Leukocyte Adhesion Deficiency (LAD) is a rare, life-threatening genetic immunodeficiency where white blood cells (leukocytes) cannot migrate from the bloodstream into infected tissues.
LAD-1 is an inherited immune disorder that occurs in about 1 in 1 million people worldwide.
The FDA has granted accelerated approval to the gene therapy marnetegragene autotemcel (Kresladi) for the treatment of pediatric patients with severe leukocyte adhesion deficiency type 1 (LAD-1).
The approval is specifically for children with LAD-1 caused by biallelic variants in the ITGB2 gene who lack a matched sibling donor for hematopoietic stem cell transplant (HSCT).
It marks the first gene therapy for the ultrarare disease.
Mutations in the ITGB2 gene leave white blood cells without functional CD18, a protein necessary for the cells to adhere to blood vessel walls and migrate
This occurs because the cells lack specific surface proteins required to “stick” to and exit blood vessels, leaving them trapped in the blood while the infection spreads unchecked.
LAD typically presents in infancy with several distinctive clinical findings.
Delayed Umbilical Cord Separation: The cord often remains attached for 3 weeks or longer (normal is 1–2 weeks).

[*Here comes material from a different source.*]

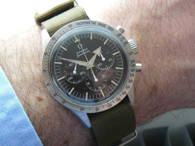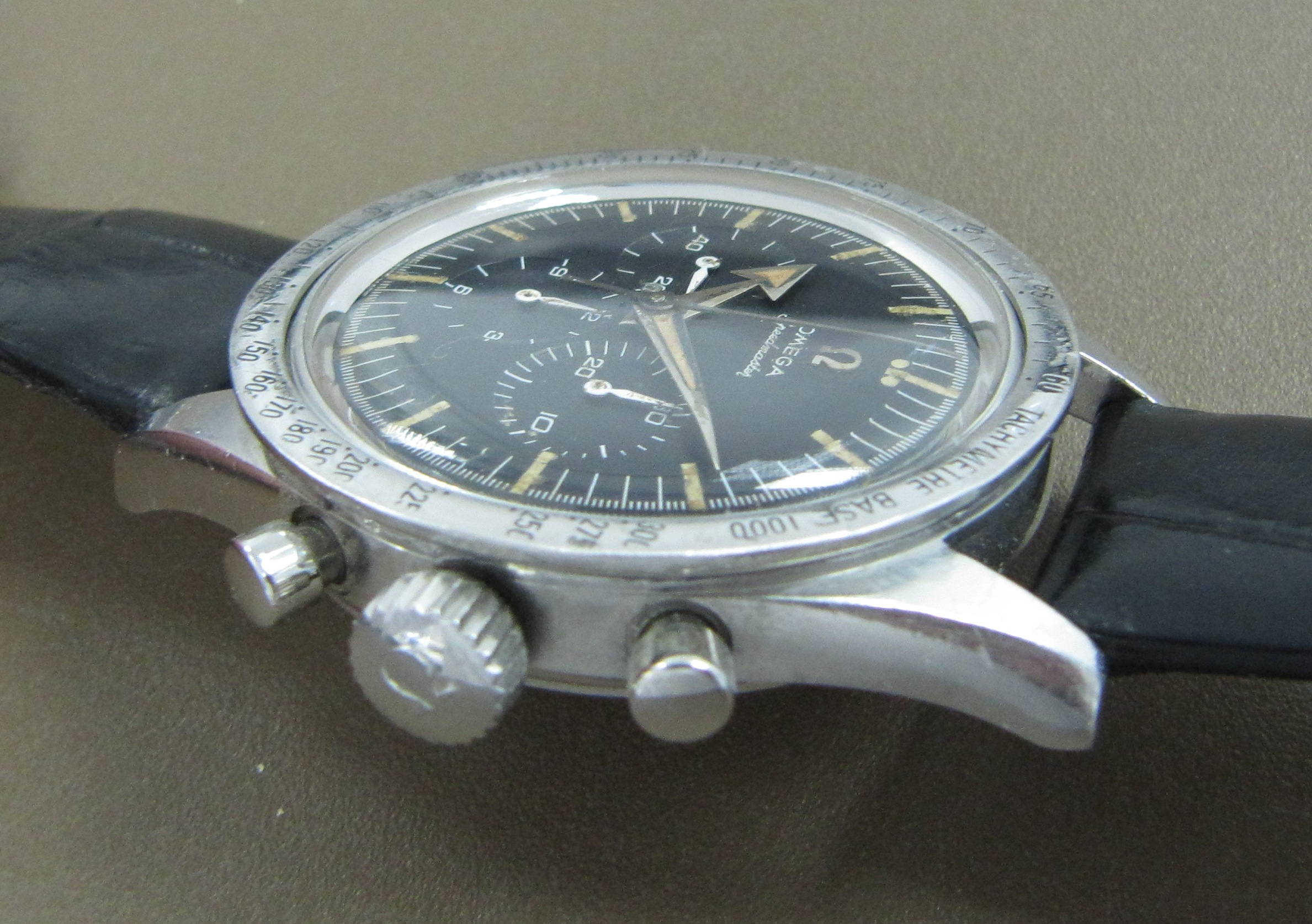 Fools rush in where angels fear to tread and before I knew what I was doing I had wired more money than I have since admitted to my wife to a bank in Canada and was anxiously awaiting delivery. I've been completely fascinated by the watch since it arrived and wore it daily until I found someone who would service it. Spacefruit and Flame (thanks guys) advised me to take it to Swisstec, the division of STS that doesn't have to send 321 movements to Bienne for a service. I picked the watch up yesterday and am completely delighted by the work of the incomparable Simon Freese and his colleagues. A modern steel bezel has been lathed to give a more aged and less obtrusive look, correct pushers and crown sourced, the dial (modern service replacement as it turned out) sympathetically aged and the scratches in the original crystal buffed out.
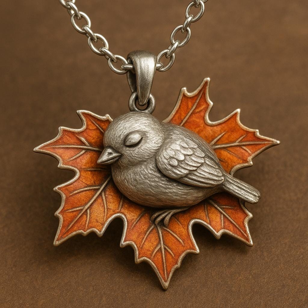 💫 Maple Bird Pendant 🍁🐦 Crafted from S925 sterling silver, this exquisite Maple Bird Pendant brings together a peacefully resting bird nestled atop a vivid enamel maple leaf. The soft contours of the bird contrast beautifully with the warm autumn tones of the leaf, creating a harmonious and poetic woodland moment frozen in time. This piece symbolizes tranquility, protection, and gentle warmth — perfect for those who cherish nature’s quiet beauty and warm-hearted elegance 🍂

Absence of Pus: Infections do not form pus because neutrophils cannot reach the area to die and accumulate there.
Recurrent Infections: Frequent bacterial and fungal infections of the skin, gums, and respiratory tract.
Impaired Wound Healing: Wounds heal slowly or not at all, often leading to necrotic ulcers.

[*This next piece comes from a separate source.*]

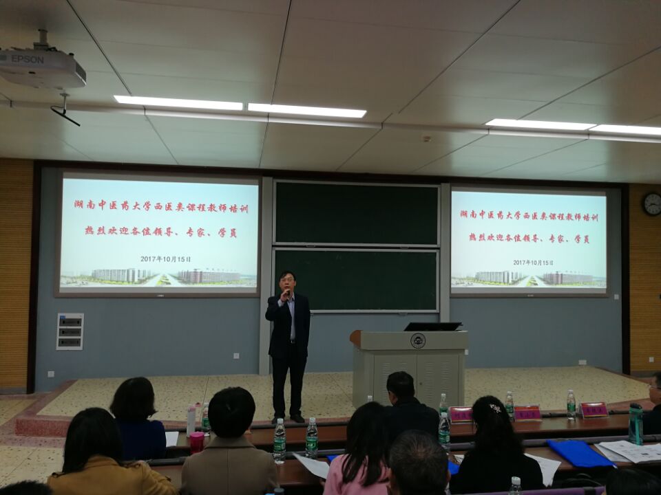 10月15日,由教务处、教师教学发展中心、医学院联合举办的“西医类课程教师培训”在3号教学楼3117教室举行,大学副校长何清湖及教务处、教师教学发展中心、医学院主要负责人参加开班仪式,来自附属宁乡人民医院、附属第二人民医院、中医药研究院附属医院、长沙市口腔医院、第一、第二附属医院、医学院、中医学院的西医类课程教师340余人参加培训。开班仪式由医学院党委书记文红艳主持。

Persistent Leukocytosis: Blood tests show a consistently high white blood cell count (sometimes over 100,000/µL) even when no active infection is visible.
The Three Types of LAD
LAD-I Mutations in the ITGB2 gene leading to a deficiency of CD18.
The most common form; involves severe, life-threatening infections from birth.
LAD-II-Defect in fucose metabolism (SLC35C1 gene), impairing leukocyte rolling.
Rare; includes intellectual disability, short stature, and the Bombay blood group.
LAD-III-Mutation in the FERMT3 gene (kindlin-3), affecting integrin activation. Combines LAD-I symptoms with a severe bleeding disorder similar to Glanzmann thrombasthenia.
Diagnosis and Treatment Diagnosis is typically confirmed via flow cytometry, which checks for the absence of specific surface proteins like CD18 (for LAD-I), and genetic testing.
Curative Treatment: Hematopoietic stem cell transplantation is currently the only cure for LAD-I and LAD-III.
Management: For LAD-II, fucose supplementation may improve symptoms in some patients.
Supportive care includes lifelong prophylactic antibiotics.